This is the mail archive of the
mailing list for the Cygwin project.
Re: [RFC] Globally creating a user and a group "root"
At 10:56 AM 11/12/2003 +0100, Corinna Vinschen wrote:
>On Tue, Nov 11, 2003 at 01:22:50PM -0500, Pierre A. Humblet wrote:
>> This indeterminacy might cause headaches during the transition period,
>> it's hard to foresee all ramifications.
>I'm running my system for at least a year with two group entries,
>root:S-1-5-32-544:0: and admin:S-1-5-32-544:544: and I never saw any
>negative influence. It's the same group from the Windows point of view
>so no problems from that side. It's basically just another name and gid
>for the same user.
Exim can be quite picky about permissions. If it expects 544 it won't be
happy with 0. But I will fix all that in the next release.
>> This being said, exim shouldn't care as long as 544 maps to S-1-5-32-544.
>> It autodetects if it is privileged and, if so, setgid(544) & setuid(18)
>> to normalize its environment (that was done with Windows 2003 in mind).
>I don't understand. You were the one who figured out the 2003 problem
>with the SYSTEM account. So, erm...
No sure what you mean. Recall that when we setuid(18) we use the privileges
that are defined for SYSTEM in security.cc, not those that MS assigns on 2003.
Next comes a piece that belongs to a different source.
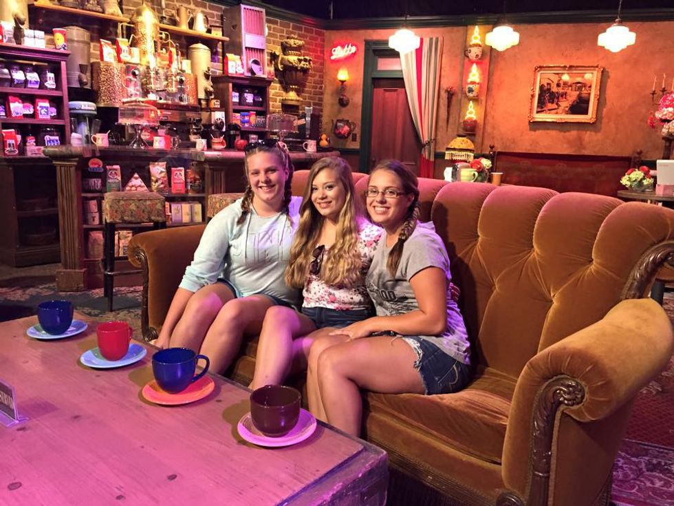 At Warner Bros. Studios on the original set of "Friends" with my Phoebe and Monica.

>> In summary, no problem (AFAICS) if 544 appears before 0. I need a decent
>> transition period before you reverse the order (affects only new
>> exim installs), and a long one before you get rid of 544 (affects existing
>IMHO we should not wait too long. At one point we must do it anyway
>and it's easy to make the transition for the user: just upgrade Cygwin
>and the affected packages. It's no step which actually destroys
>anything but it will help all 2003 users and also users of other systems
>since the new "root" account would circumvent any permission problems.
>If a new Windows requires new privileges to do the really interesting
>stuff, just add them to "root" and you're done. Knock on wood...
>Anyway, I think we should add "root/0" to /etc/group so that it comes
>before the "administrators/544" entry right from the beginning. What
>happens in an exim installation then?
Actually it works just fine, and both 544 and 0 appear in id.
Patting myself on the back :)
I have one extra comment: Cygwin introduces a number of security holes,
which I have started to plug. The fixes to the biggest ones
seem to be stalled, and there are still a number of other patches to come.
By introducing the root user on 2003 we are undoing positive steps taken by
We should warn the user of the current privilege escalation risk.